The butler was astounded by the manner of this advice, and as his eyes wandered to the drawing-room door the governess extended her arm as if to bar the way. "Nobody goes in there." And that was said still in another tone, such a tone that all trace of the trained respectfulness vanished from the butler's bearing. He stared at her with a frank wondering gaze. "Not till I am gone," she added, and there was such an expression on her face that the man was daunted by the mystery of it. He shrugged his shoulders slightly and without another word went down the stairs on his way to the basement, brushing in the hall past Mr. Charles who hat on head and both hands rammed deep into his overcoat pockets paced up and down as though on sentry duty there.

The ladies' maid was the only servant upstairs, hovering in the passage on the first floor, curious and as if fascinated by the woman who stood there guarding the door. Being beckoned closer imperiously and asked by the governess to bring out of the now empty rooms the hat and veil, the only objects besides the furniture still to be found there, she did so in silence but inwardly fluttered. And while waiting uneasily, with the veil, before that woman who, without moving a step away from the drawing- room door was pinning with careless haste her hat on her head, she heard within a sudden burst of laughter from Miss de Barral enjoying the fun of the water-colour lesson given her for the last time by the cheery old man.

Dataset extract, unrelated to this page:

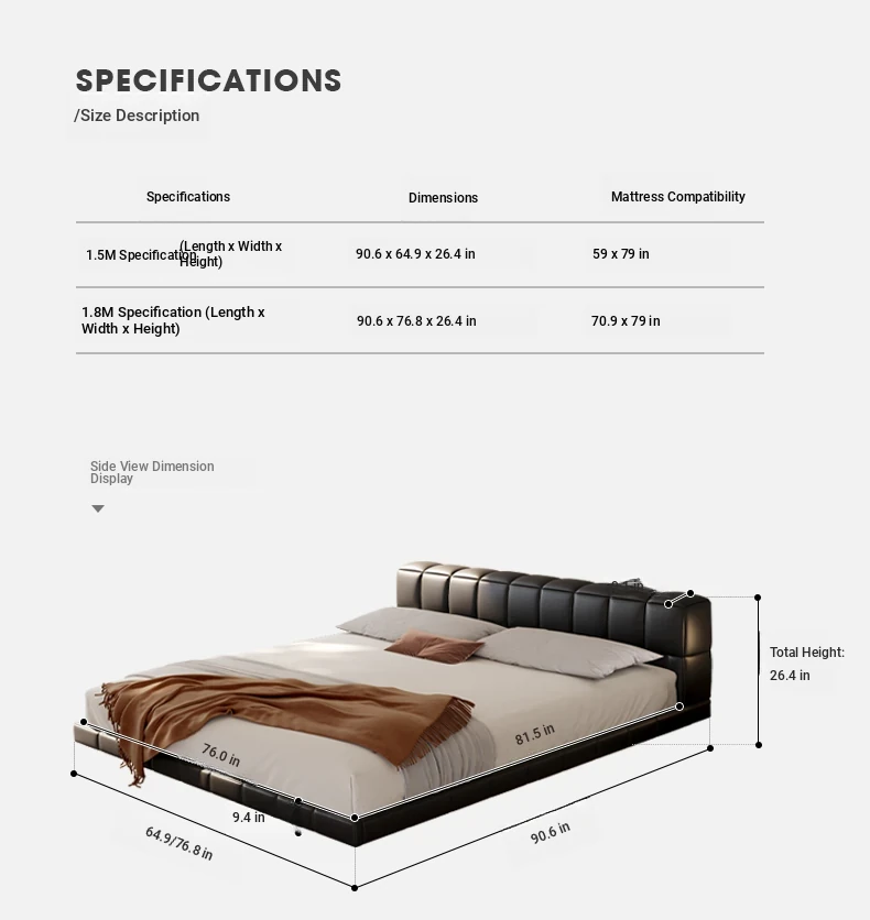 70.87in Single Bed [Italy Native Grain Leather] Genuine Leather Contact Surface

Mr. and Mrs. Fyne ambushed at their window—a most incredible occupation for people of their kind—saw with renewed anxiety a cab come to the door, and watched some luggage being carried out and put on its roof. The butler appeared for a moment, then went in again. What did it mean? Was Flora going to be taken to her father; or were these people, that woman and her horrible nephew, about to carry her off somewhere? Fyne couldn't tell. He doubted the last, Flora having now, he judged, no value, either positive or speculative. Though no great reader of character he did not credit the governess with humane intentions. He confessed to me naively that he was excited as if watching some action on the stage. Then the thought struck him that the girl might have had some money settled on her, be possessed of some means, of some little fortune of her own and therefore—

He imparted this theory to his wife who shared fully his consternation. "I can't believe the child will go away without running in to say good- bye to us," she murmured. "We must find out! I shall ask her." But at that very moment the cab rolled away, empty inside, and the door of the house which had been standing slightly ajar till then was pushed to.

They remained silent staring at it till Mrs. Fyne whispered doubtfully "I really think I must go over." Fyne didn't answer for a while (his is a reflective mind, you know), and then as if Mrs. Fyne's whispers had an occult power over that door it opened wide again and the white-bearded man issued, astonishingly active in his movements, using his stick almost like a leaping-pole to get down the steps; and hobbled away briskly along the pavement. Naturally the Fynes were too far off to make out the expression of his face. But it would not have helped them very much to a guess at the conditions inside the house. The expression was humorously puzzled—nothing more.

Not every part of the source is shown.